#### Task brief
Look below for the line holding "Обои Корабли викингов у вражеской крепости" and the line holding "Through structured instruction". Repeat those two and everything between, exactly.
[[ Data for this task, beginning ]]
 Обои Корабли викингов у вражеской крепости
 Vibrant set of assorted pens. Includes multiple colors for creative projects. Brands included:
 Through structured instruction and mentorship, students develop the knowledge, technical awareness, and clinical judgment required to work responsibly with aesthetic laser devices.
[[ Data for this task, end ]]
[[ Data for this task, beginning ]]
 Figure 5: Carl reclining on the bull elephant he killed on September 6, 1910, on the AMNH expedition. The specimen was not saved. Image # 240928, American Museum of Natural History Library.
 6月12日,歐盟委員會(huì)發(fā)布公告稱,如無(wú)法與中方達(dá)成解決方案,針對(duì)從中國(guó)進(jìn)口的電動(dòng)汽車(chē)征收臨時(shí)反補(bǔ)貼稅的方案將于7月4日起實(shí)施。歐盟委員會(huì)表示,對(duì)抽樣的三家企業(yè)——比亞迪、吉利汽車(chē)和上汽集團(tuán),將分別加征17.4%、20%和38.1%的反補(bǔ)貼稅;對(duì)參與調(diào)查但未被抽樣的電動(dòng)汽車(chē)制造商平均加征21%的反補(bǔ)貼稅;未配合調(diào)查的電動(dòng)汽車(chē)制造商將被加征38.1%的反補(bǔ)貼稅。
[[ Data for this task, end ]]
[[ Data for this task, beginning ]]
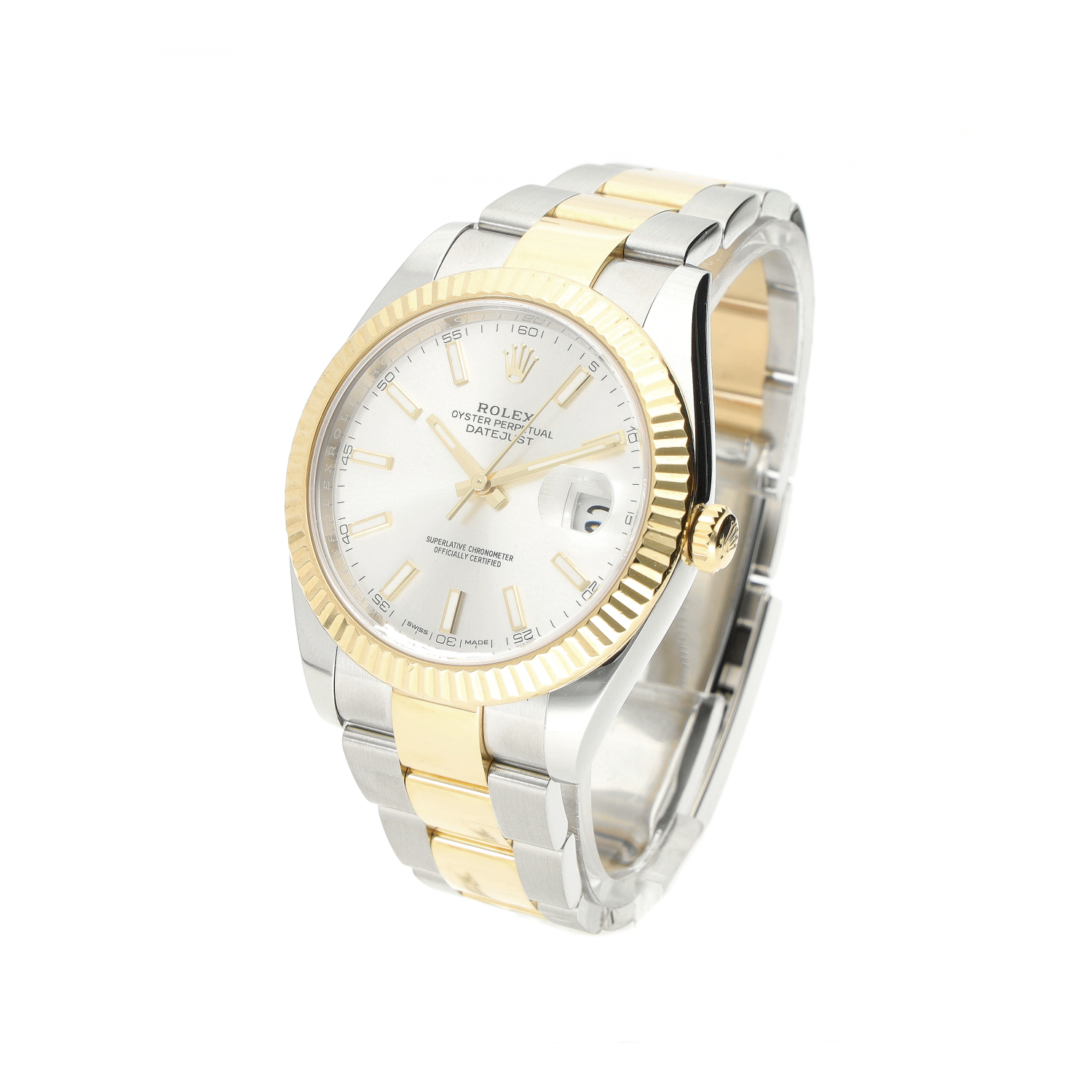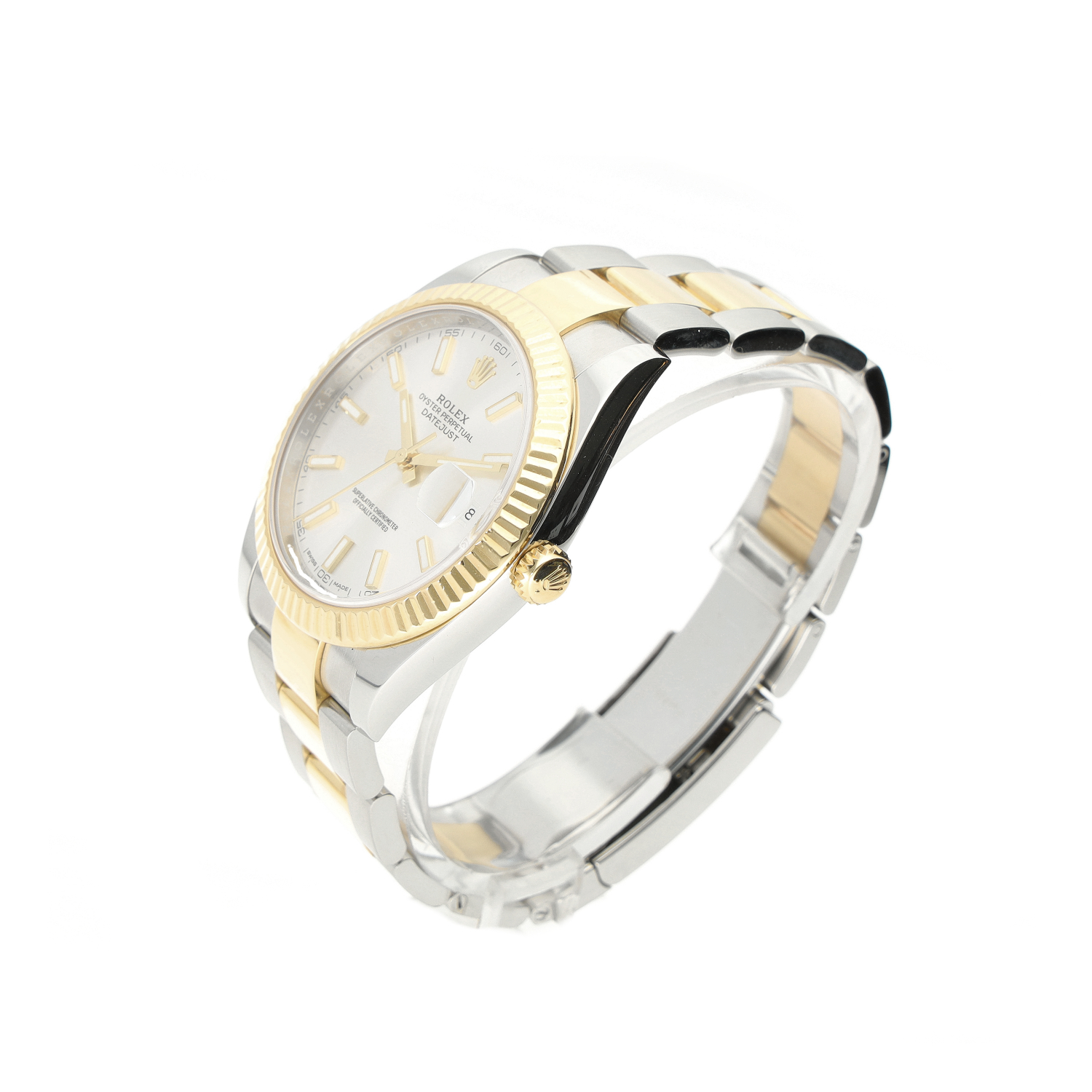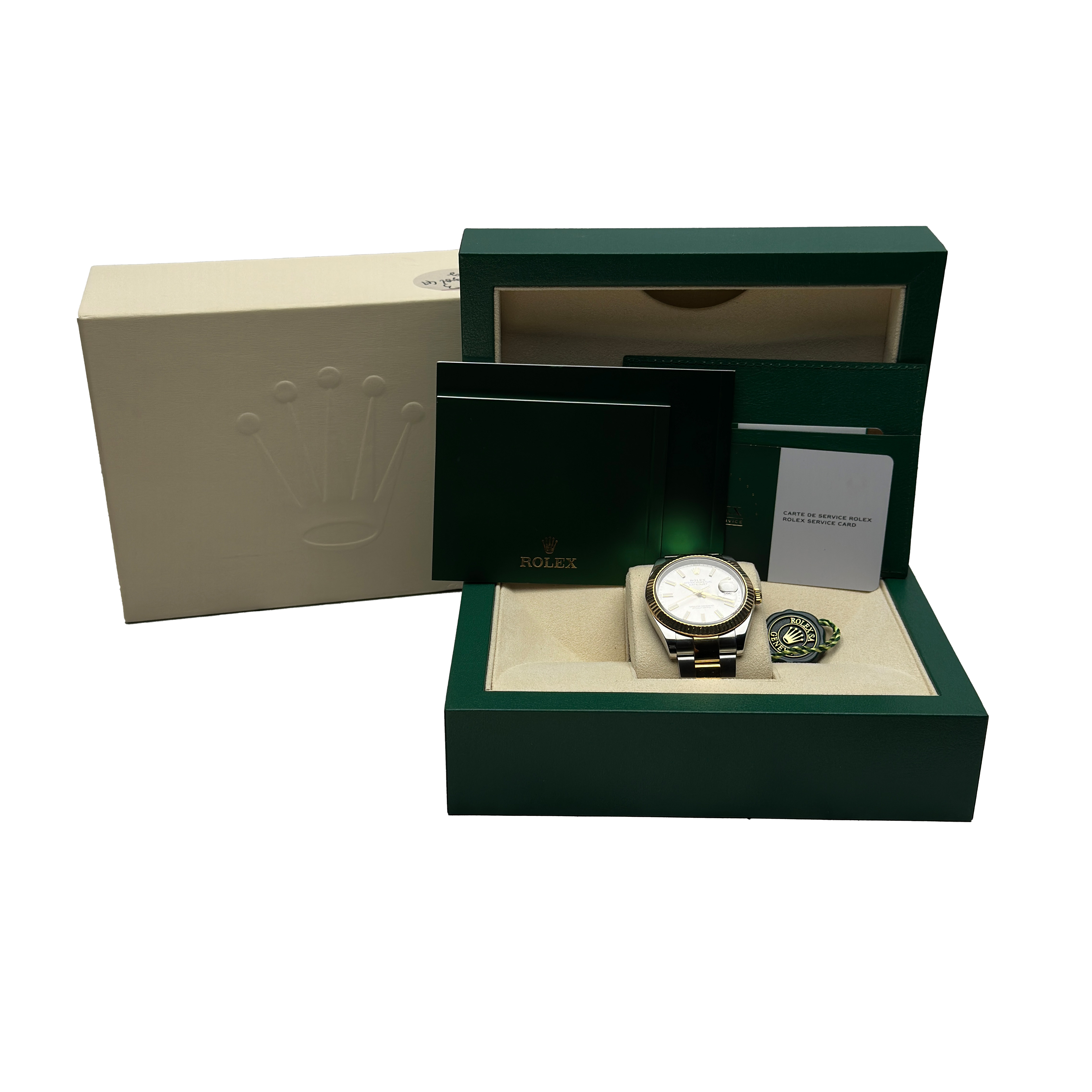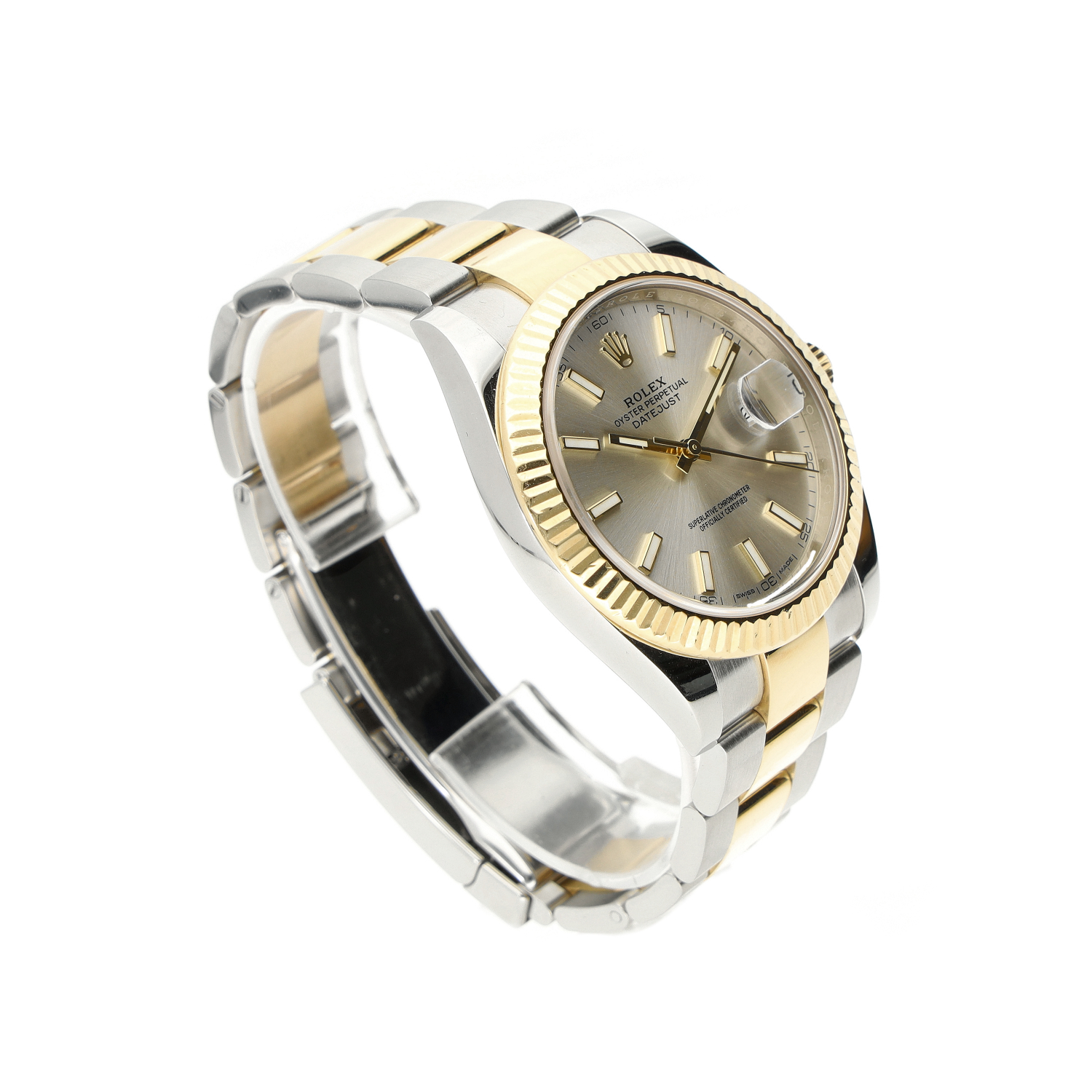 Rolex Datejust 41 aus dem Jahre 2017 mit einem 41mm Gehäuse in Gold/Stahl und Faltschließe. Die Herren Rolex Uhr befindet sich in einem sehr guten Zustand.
[[ Data for this task, end ]]
#### Result of this task
 Обои Корабли викингов у вражеской крепости
 Vibrant set of assorted pens. Includes multiple colors for creative projects. Brands included:
 Through structured instruction and mentorship, students develop the knowledge, technical awareness, and clinical judgment required to work responsibly with aesthetic laser devices.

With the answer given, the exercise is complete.